Abstract
Interior point methods for optimization have been around for more than
25 years now. Their presence has shaken up the field of optimization.
Interior point methods for linear and (convex) quadratic programming
display several features which make them particularly attractive for
very large scale optimization. Among the most impressive of them
are their low-degree polynomial worst-case complexity and an unrivalled
ability to deliver optimal solutions in an almost constant number
of iterations which depends very little, if at all, on the problem
dimension.
Interior point methods are competitive when dealing with small problems
of dimensions below one million constraints and variables and are
beyond competition when applied to large problems of dimensions going
into millions of constraints and variables.
In this survey we will discuss several issues related to interior
point methods including the proof of the worst-case complexity result,
the reasons for their amazingly fast practical convergence and
the features responsible for their ability to solve very large problems.

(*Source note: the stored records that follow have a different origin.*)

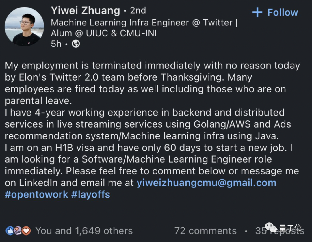 除了Ihara,还有一位工程师Yiwei Zhuang在领英上自述,自己无缘无故就被马斯克的推特2.0团队裁了。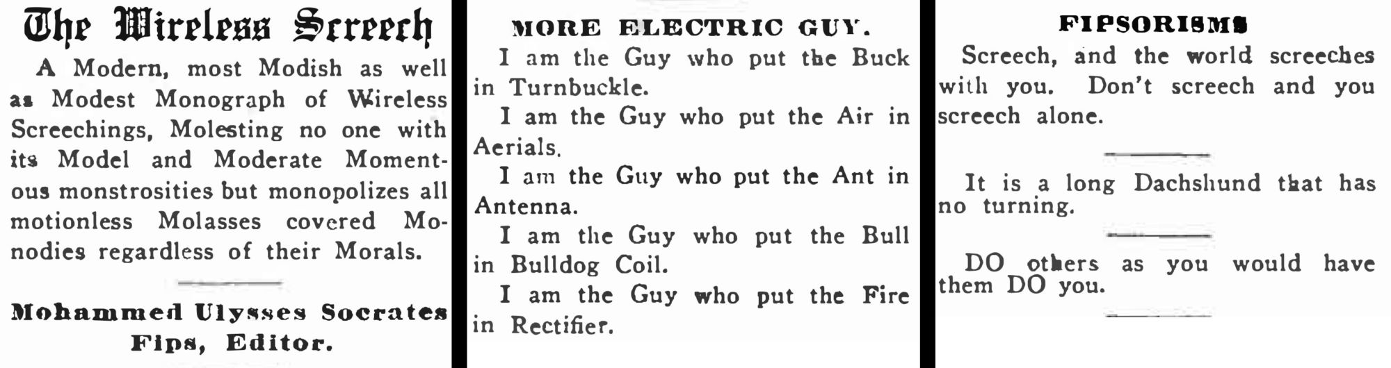 Fips was used as comic relief in scientific publications which were filled with diagrams, equations, and step by step unstructions. He was assigned duties that ranged from 'office boy' to editor, and often discussed his Indian heritage Given the similarity of "Fips" to "Hip", it may also be that the 'third eye' on Hip Knox's chest has its origin in Hindu and Buddhist third eye symbolism, because of the character of Mohammed Ulysses Socrates Fips that Gernsback had developed over the years.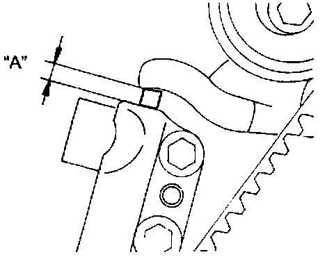 6. Rotate the crankshaft two complete turns clockwise and leave it as is for about 15 minutes. Then, measure the auto tensioner protrusion "A" (distance between the tensioner arm and auto tensioner body).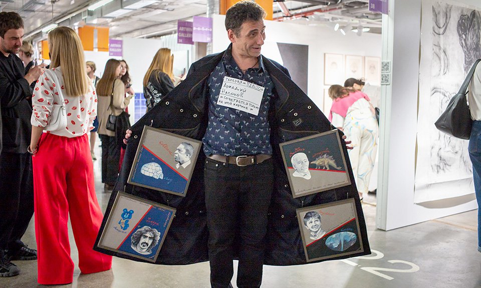 Александр Петрелли, знаменитый своей мобильной галереей «Пальто», где произведения висят на подкладке настоящего пальто, которое носит галерист, несколько раз менял свою экспозицию — в какой-то момент там появились, например, вольные рисунки женских ню Дмитрия Пименова, арт-революционера и поэта, по 15 тыс. руб. за штуку. Классической теме «обнаженки» посвятила свой стенд и галерея «Виктория» из Самары. Абстрактные произведения Владимира Дубосарского (120 тыс. руб. за штуку), гораздо больше известного своими фигуративными картинами, предложила галерея ARTZIP, наряду с новой каллиграфической серией Андрея Логвина.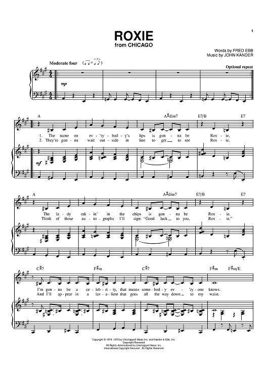 Digital Sheet Music for Roxie by John Kander, Fred Ebb scored for Piano/Vocal/Chords; id:370766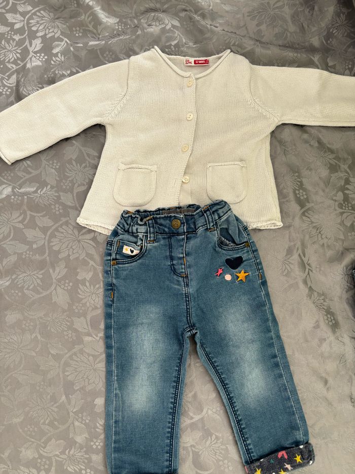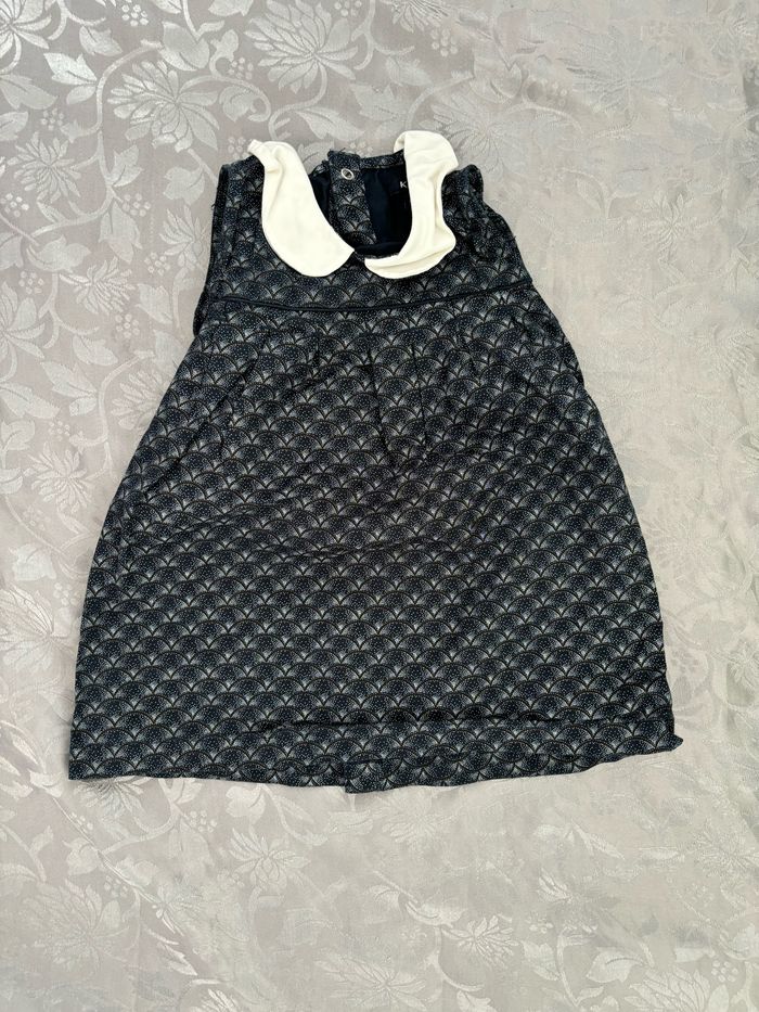 Lot de 12 mois 1 jupe cdp, 2 robes jean obaibi, 1 robe kiabi, 1 gilet dpam et 1 pantalon orchestra. Bon état.

The ever-growing sizes of optimization problems impose new requirements
on optimization methods and software. In the final part of this paper
we will therefore address a redesign of interior point methods to allow
them to work in a matrix-free regime and to make them well-suited
to solving even larger problems.
Key words: Interior Point Methods, Linear Programming, Quadratic Programming, Worst-case Complexity Analysis, Implementation, Matrix-Free Methods.